**Given data**:
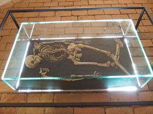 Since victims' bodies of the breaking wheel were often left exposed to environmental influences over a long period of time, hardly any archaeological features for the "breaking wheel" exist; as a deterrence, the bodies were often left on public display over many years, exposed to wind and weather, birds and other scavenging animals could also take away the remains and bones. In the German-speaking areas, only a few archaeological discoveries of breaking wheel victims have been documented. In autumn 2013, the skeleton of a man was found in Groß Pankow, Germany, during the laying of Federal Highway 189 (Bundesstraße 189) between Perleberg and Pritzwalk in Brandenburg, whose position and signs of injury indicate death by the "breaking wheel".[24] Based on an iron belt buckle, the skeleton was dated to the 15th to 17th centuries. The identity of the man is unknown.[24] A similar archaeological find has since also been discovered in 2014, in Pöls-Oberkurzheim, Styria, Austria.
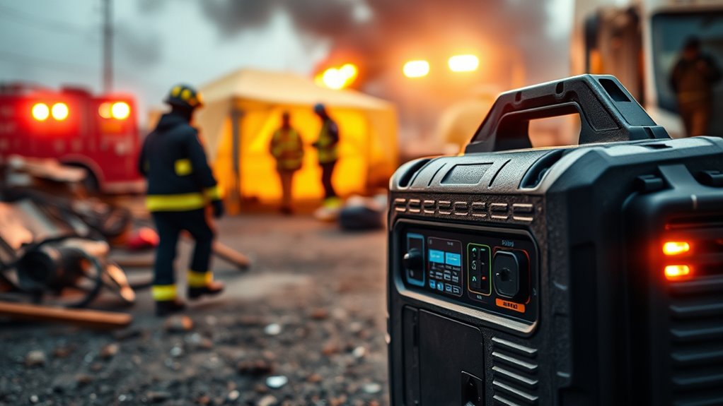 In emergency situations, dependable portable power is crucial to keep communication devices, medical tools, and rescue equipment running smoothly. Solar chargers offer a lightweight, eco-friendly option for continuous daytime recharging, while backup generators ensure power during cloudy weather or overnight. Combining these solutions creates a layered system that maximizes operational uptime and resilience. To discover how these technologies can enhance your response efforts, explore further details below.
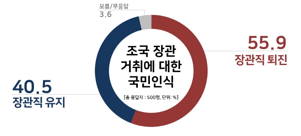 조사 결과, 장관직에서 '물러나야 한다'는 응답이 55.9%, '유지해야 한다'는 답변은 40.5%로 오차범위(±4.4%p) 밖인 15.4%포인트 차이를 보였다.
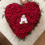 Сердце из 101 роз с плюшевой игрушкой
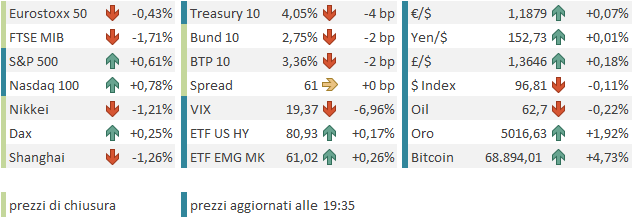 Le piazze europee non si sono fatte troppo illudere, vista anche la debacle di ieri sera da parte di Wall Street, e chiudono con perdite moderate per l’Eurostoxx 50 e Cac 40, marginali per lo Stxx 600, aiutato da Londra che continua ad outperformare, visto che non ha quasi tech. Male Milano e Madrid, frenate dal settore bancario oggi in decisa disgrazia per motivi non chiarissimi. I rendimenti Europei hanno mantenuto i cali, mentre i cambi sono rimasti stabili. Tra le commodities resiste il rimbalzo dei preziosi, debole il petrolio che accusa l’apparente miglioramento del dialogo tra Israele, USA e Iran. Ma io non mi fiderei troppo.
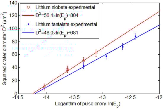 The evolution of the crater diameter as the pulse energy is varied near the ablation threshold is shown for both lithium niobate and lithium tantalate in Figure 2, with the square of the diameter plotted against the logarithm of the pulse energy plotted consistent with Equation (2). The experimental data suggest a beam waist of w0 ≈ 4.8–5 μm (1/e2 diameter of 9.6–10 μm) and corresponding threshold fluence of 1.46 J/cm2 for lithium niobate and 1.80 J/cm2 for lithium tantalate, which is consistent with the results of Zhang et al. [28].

--

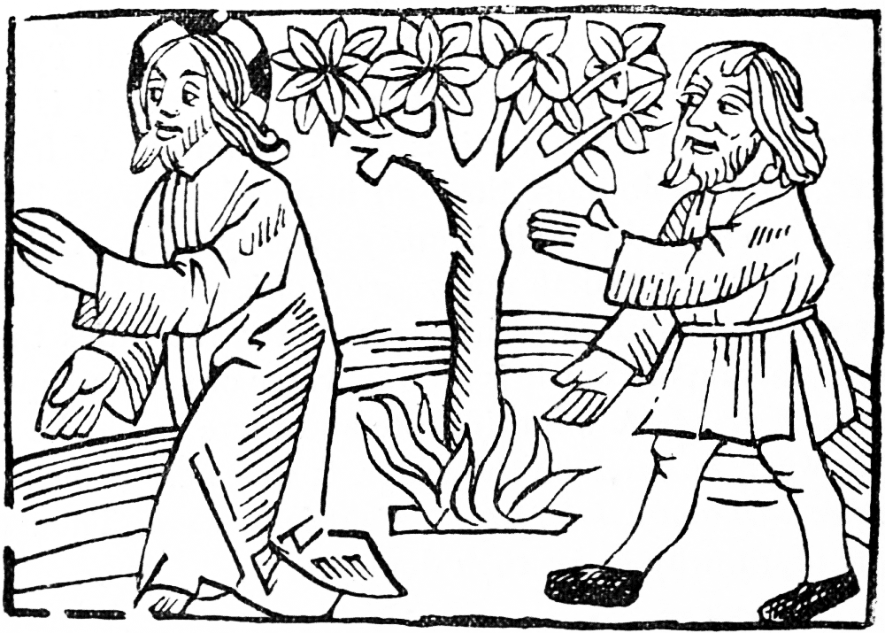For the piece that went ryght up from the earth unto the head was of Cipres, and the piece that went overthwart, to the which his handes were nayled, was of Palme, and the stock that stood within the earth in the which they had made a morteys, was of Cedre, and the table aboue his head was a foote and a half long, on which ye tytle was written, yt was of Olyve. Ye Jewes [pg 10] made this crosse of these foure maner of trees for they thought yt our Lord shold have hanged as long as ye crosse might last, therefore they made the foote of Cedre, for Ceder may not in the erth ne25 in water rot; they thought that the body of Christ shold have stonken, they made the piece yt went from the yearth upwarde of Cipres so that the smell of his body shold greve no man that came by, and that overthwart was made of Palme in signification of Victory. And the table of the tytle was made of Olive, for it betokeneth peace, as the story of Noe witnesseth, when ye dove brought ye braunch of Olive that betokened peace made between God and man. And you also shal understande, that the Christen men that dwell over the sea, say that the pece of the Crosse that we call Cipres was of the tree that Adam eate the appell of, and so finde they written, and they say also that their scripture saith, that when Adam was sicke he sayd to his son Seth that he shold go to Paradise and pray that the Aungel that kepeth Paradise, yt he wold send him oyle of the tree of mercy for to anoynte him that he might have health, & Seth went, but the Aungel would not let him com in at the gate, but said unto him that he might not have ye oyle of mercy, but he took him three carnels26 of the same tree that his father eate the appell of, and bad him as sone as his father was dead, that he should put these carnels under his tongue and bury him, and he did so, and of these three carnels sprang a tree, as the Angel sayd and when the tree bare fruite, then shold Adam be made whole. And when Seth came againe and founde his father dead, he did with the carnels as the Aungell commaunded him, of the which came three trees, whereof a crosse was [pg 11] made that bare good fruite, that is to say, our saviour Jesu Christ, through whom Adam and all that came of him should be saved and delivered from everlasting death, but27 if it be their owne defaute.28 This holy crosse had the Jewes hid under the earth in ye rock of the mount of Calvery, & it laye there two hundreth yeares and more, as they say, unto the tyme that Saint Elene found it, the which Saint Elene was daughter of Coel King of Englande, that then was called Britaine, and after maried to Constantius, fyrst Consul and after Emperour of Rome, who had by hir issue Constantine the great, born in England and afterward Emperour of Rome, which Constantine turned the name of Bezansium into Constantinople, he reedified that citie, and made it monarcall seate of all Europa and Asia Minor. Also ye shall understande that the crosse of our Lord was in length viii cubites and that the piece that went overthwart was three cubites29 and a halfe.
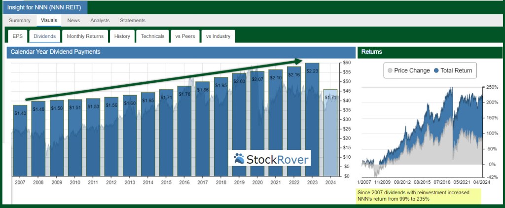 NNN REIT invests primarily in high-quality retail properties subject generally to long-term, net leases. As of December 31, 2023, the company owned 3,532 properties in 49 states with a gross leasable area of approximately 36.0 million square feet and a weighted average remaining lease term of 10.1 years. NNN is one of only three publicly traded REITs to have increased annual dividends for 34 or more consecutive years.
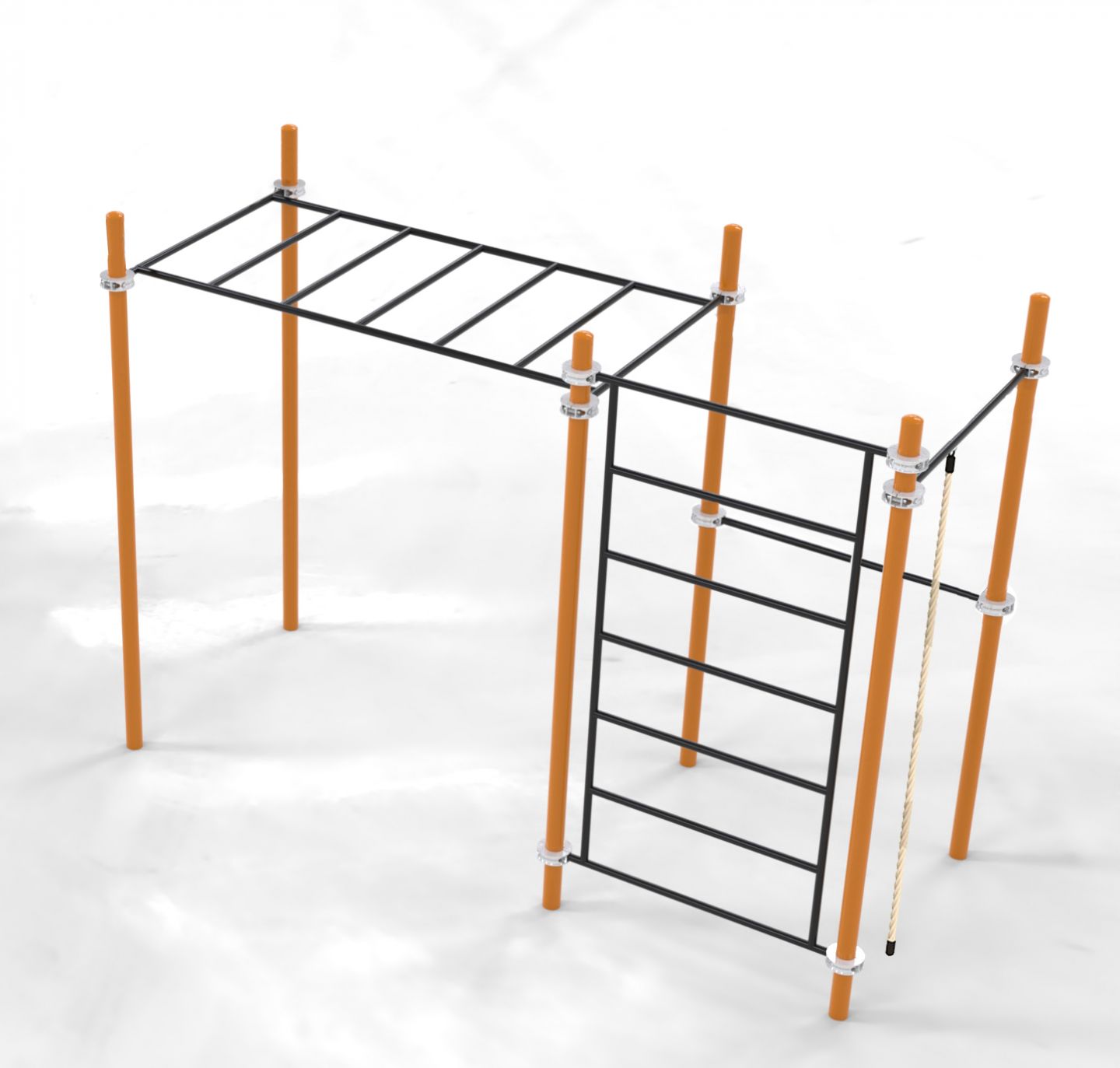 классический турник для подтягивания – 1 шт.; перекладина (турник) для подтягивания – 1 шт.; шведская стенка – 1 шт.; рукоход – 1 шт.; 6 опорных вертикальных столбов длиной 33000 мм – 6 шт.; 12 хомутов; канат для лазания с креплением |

---

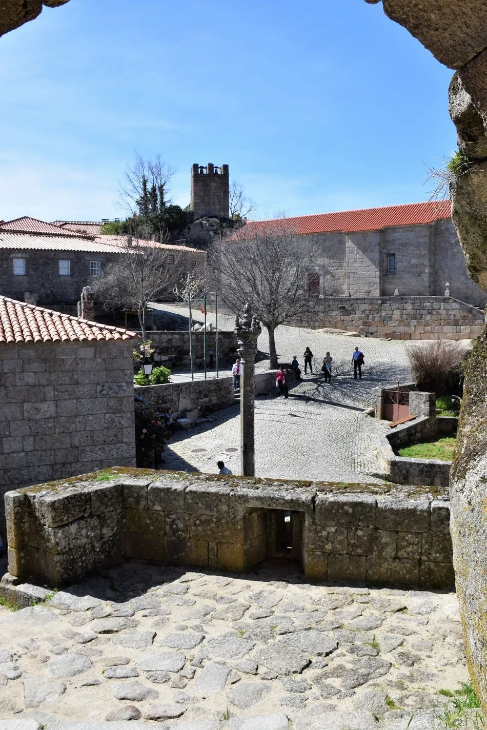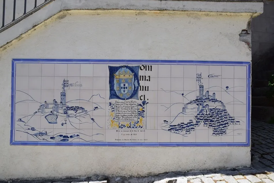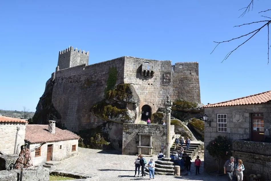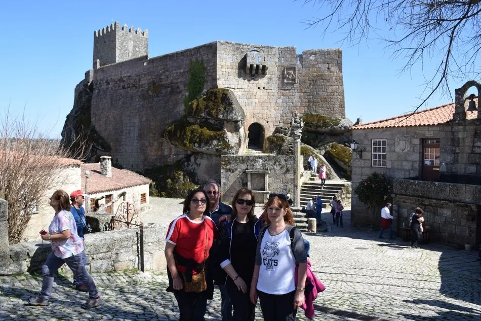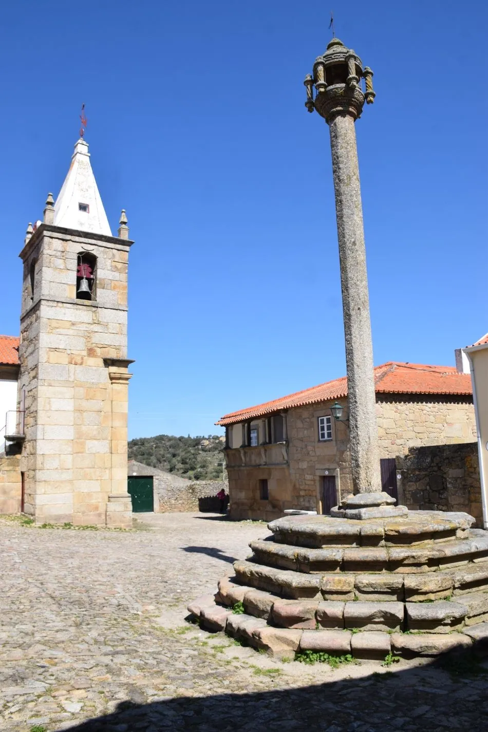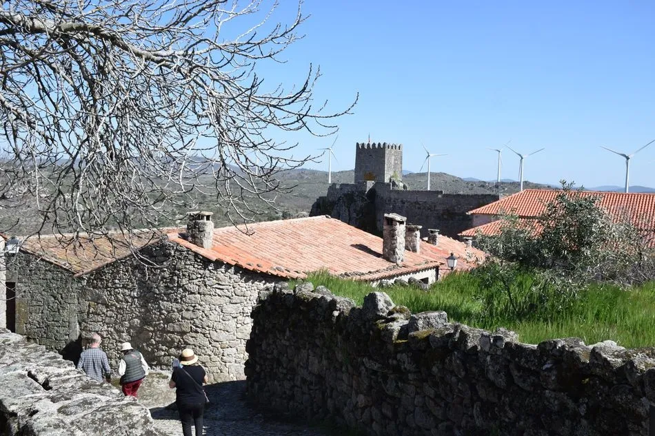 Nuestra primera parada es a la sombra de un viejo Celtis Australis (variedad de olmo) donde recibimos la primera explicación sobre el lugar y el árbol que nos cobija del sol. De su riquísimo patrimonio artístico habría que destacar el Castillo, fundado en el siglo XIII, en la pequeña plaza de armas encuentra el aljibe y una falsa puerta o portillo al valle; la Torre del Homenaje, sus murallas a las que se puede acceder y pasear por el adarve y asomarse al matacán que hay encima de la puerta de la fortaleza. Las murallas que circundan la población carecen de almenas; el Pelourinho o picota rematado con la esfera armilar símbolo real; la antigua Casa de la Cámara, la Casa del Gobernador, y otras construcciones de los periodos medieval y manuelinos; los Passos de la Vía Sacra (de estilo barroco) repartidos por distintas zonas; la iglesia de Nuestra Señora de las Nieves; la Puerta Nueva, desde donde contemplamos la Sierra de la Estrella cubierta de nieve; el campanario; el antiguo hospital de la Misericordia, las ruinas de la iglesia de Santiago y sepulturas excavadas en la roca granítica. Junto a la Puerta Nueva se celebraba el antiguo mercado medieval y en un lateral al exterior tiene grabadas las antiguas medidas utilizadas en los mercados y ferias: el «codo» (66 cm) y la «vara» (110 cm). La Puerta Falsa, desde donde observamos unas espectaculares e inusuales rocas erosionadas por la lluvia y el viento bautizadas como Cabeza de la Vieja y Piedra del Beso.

**What the exercise asks**: Take the entries above and copy exactly the lines starting at the one with "NNN REIT invests" and ending at the one with "классический турник для"; nothing outside that span, and no pictures.

**Finished exercise**:
 NNN REIT invests primarily in high-quality retail properties subject generally to long-term, net leases. As of December 31, 2023, the company owned 3,532 properties in 49 states with a gross leasable area of approximately 36.0 million square feet and a weighted average remaining lease term of 10.1 years. NNN is one of only three publicly traded REITs to have increased annual dividends for 34 or more consecutive years.
 классический турник для подтягивания – 1 шт.; перекладина (турник) для подтягивания – 1 шт.; шведская стенка – 1 шт.; рукоход – 1 шт.; 6 опорных вертикальных столбов длиной 33000 мм – 6 шт.; 12 хомутов; канат для лазания с креплением |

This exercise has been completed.